**WORK ITEM**
Without changing a thing, reproduce the entire listing and leave out its pictures.

(DATA EXTRACT)

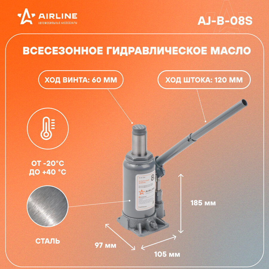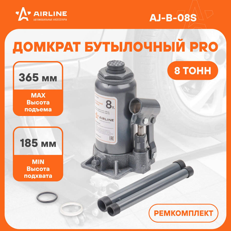 AIRLINE AJ-B-08S AJ-B-08S_домкрат бутылочный! 8т, min 200мм, max 405мм\
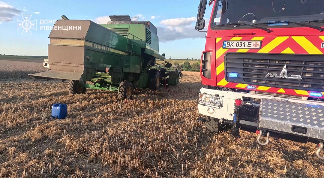Вчора о 19:07 поблизу села Грем’яче Острозької громади під час змолочування зерна загорівся комбайн John Deere.
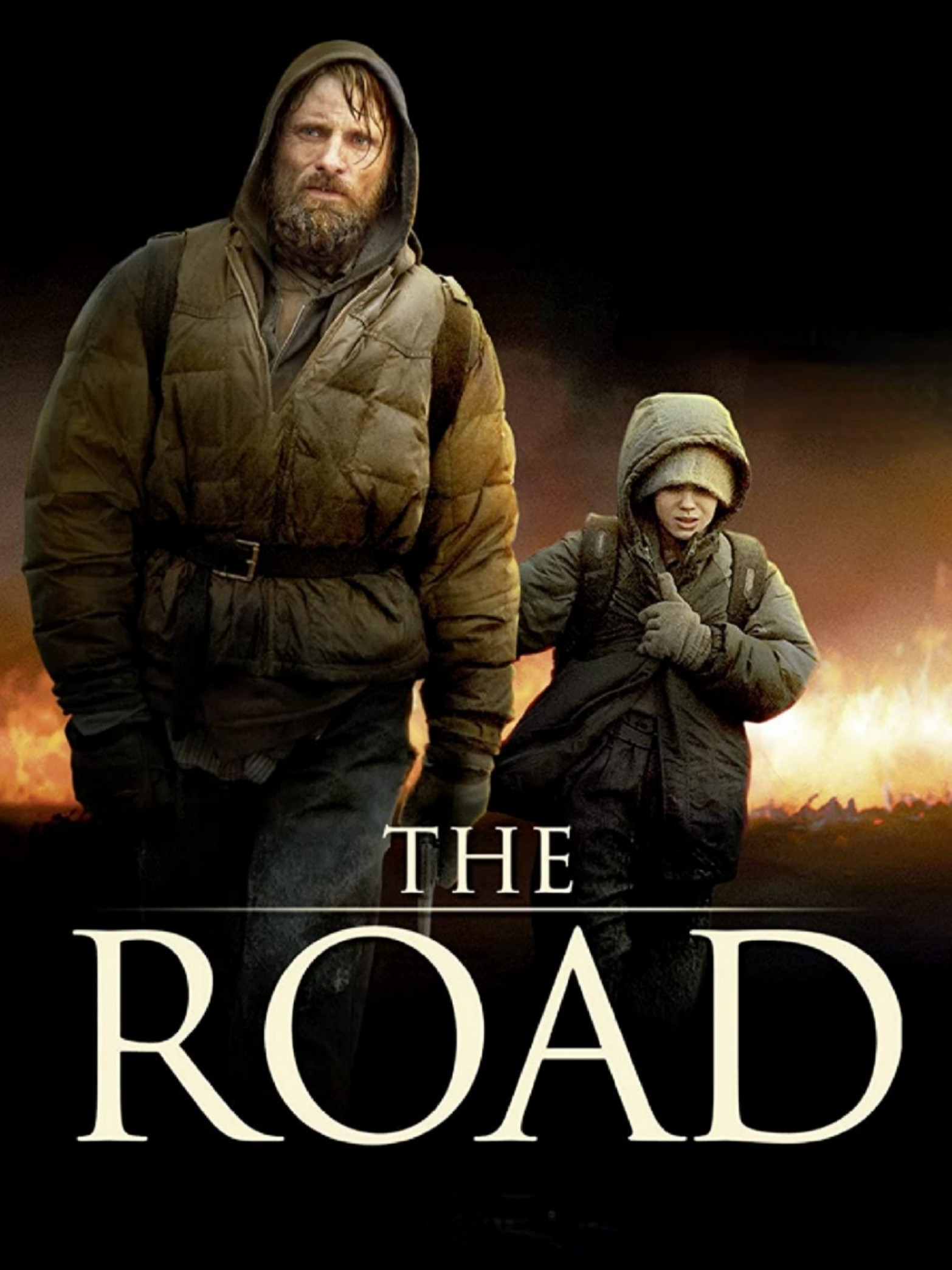 A father and his son walk alone through burned America. Nothing moves in the ravaged landscape save the ash on the wind and water. It is cold enough to crack stones, and, when the snow falls it is gray. The sky is dark. Their destination is the warmer south, although they don't know what, if anything, awaits them there.

(End DATA EXTRACT)

**ANSWER SECTION**
 AIRLINE AJ-B-08S AJ-B-08S_домкрат бутылочный! 8т, min 200мм, max 405мм\
Вчора о 19:07 поблизу села Грем’яче Острозької громади під час змолочування зерна загорівся комбайн John Deere.
 A father and his son walk alone through burned America. Nothing moves in the ravaged landscape save the ash on the wind and water. It is cold enough to crack stones, and, when the snow falls it is gray. The sky is dark. Their destination is the warmer south, although they don't know what, if anything, awaits them there.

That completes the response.